§ **MATERIAL PROVIDED**
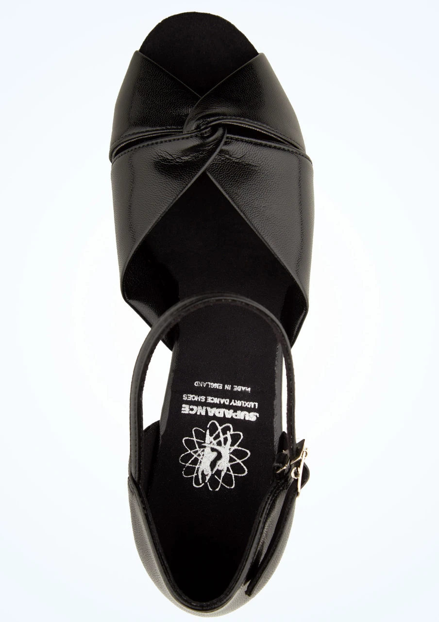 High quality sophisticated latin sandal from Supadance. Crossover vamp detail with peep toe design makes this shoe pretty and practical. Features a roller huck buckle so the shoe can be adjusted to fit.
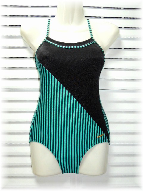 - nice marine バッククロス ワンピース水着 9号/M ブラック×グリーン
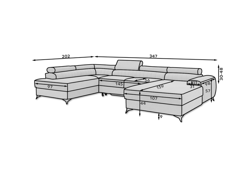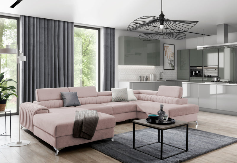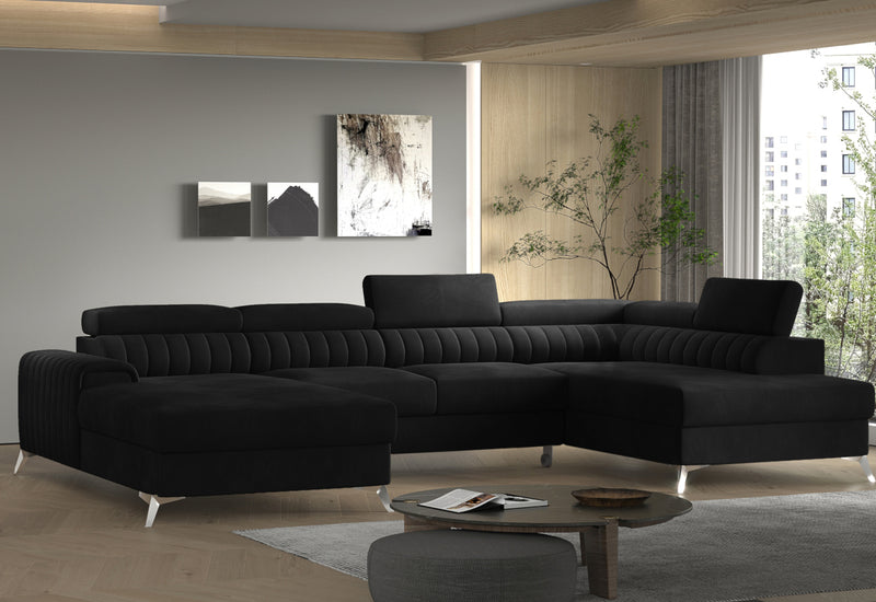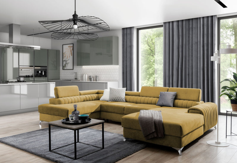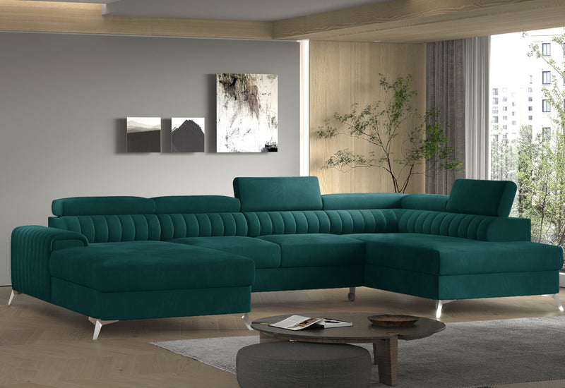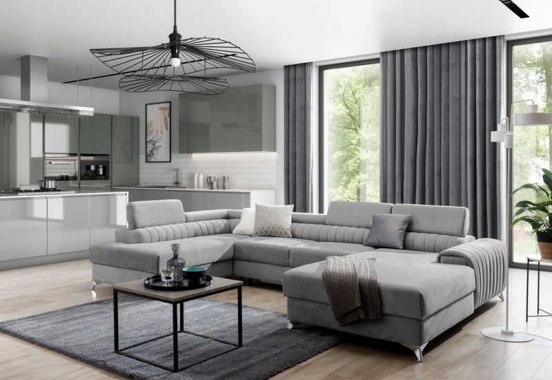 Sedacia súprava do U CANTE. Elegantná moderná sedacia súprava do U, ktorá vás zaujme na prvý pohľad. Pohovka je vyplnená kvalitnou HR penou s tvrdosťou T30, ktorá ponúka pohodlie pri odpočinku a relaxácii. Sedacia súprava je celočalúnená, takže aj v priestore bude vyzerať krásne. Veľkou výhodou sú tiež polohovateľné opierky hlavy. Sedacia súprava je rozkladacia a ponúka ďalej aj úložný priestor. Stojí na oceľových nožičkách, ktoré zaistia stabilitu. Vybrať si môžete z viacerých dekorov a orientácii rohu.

§ **WHAT NEEDS TO BE DONE**
Could you retype each line of the material above exactly, skipping the pictures?

§ **REPLY TO THE EXERCISE**
 High quality sophisticated latin sandal from Supadance. Crossover vamp detail with peep toe design makes this shoe pretty and practical. Features a roller huck buckle so the shoe can be adjusted to fit.
 - nice marine バッククロス ワンピース水着 9号/M ブラック×グリーン
 Sedacia súprava do U CANTE. Elegantná moderná sedacia súprava do U, ktorá vás zaujme na prvý pohľad. Pohovka je vyplnená kvalitnou HR penou s tvrdosťou T30, ktorá ponúka pohodlie pri odpočinku a relaxácii. Sedacia súprava je celočalúnená, takže aj v priestore bude vyzerať krásne. Veľkou výhodou sú tiež polohovateľné opierky hlavy. Sedacia súprava je rozkladacia a ponúka ďalej aj úložný priestor. Stojí na oceľových nožičkách, ktoré zaistia stabilitu. Vybrať si môžete z viacerých dekorov a orientácii rohu.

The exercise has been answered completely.